Assigned task
From the data below, copy exactly the lines that lie between the one holding "東陽木彫り福字ストラップ彫刻" and the one holding "Complete Body Kit", including both, and nothing more.

Extracted entries
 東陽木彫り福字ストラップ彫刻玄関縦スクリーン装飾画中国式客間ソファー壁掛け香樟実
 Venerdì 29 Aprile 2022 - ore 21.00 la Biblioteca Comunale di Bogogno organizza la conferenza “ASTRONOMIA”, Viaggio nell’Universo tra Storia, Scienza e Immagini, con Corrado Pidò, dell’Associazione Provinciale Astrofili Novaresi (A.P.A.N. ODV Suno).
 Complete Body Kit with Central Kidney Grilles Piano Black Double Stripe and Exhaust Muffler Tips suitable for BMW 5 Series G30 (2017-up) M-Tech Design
* * *
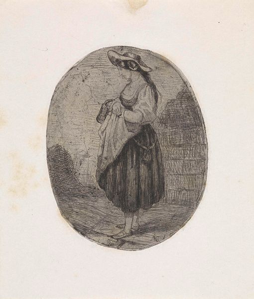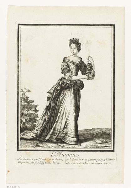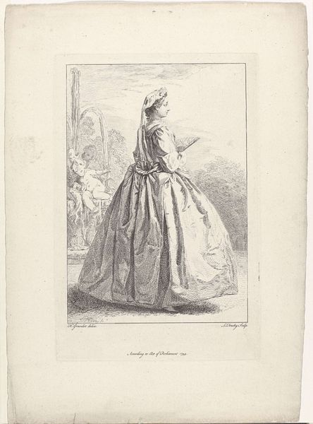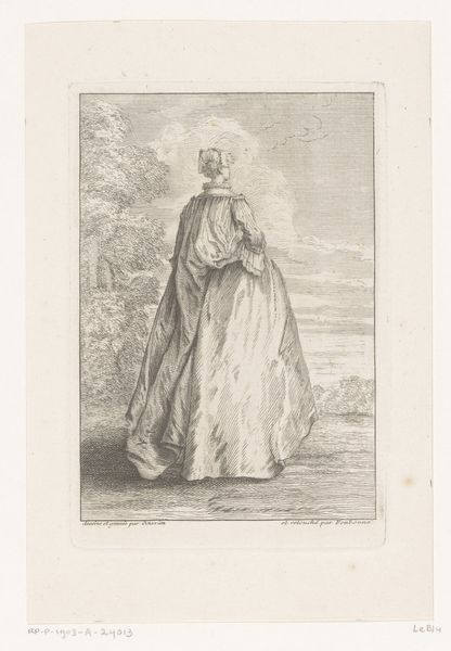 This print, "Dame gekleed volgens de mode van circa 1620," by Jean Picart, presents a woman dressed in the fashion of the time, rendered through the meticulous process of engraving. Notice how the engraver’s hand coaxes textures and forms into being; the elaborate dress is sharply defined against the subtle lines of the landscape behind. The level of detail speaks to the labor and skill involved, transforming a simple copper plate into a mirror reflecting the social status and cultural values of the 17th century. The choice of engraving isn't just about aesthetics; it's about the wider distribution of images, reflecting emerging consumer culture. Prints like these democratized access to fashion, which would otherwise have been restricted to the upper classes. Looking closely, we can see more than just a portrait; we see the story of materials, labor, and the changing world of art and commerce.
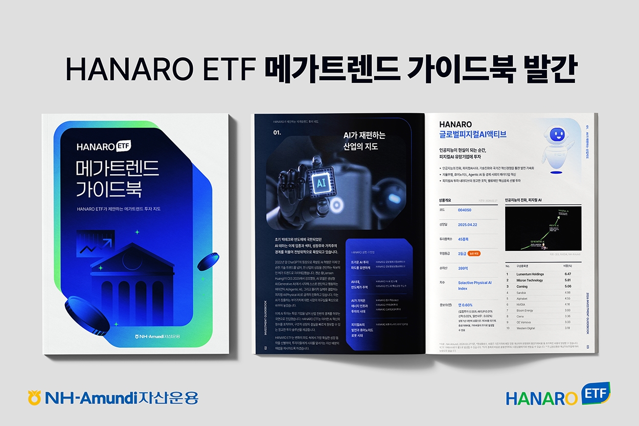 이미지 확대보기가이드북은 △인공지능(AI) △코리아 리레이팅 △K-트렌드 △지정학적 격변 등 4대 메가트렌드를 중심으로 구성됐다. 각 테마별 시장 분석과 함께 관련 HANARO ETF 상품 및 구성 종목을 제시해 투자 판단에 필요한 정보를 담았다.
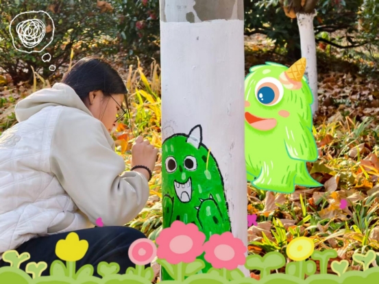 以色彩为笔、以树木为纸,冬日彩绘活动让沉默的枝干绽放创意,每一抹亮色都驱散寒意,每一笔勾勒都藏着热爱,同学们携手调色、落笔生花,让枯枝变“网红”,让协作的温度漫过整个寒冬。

Written solution
 東陽木彫り福字ストラップ彫刻玄関縦スクリーン装飾画中国式客間ソファー壁掛け香樟実
 Venerdì 29 Aprile 2022 - ore 21.00 la Biblioteca Comunale di Bogogno organizza la conferenza “ASTRONOMIA”, Viaggio nell’Universo tra Storia, Scienza e Immagini, con Corrado Pidò, dell’Associazione Provinciale Astrofili Novaresi (A.P.A.N. ODV Suno).
 Complete Body Kit with Central Kidney Grilles Piano Black Double Stripe and Exhaust Muffler Tips suitable for BMW 5 Series G30 (2017-up) M-Tech Design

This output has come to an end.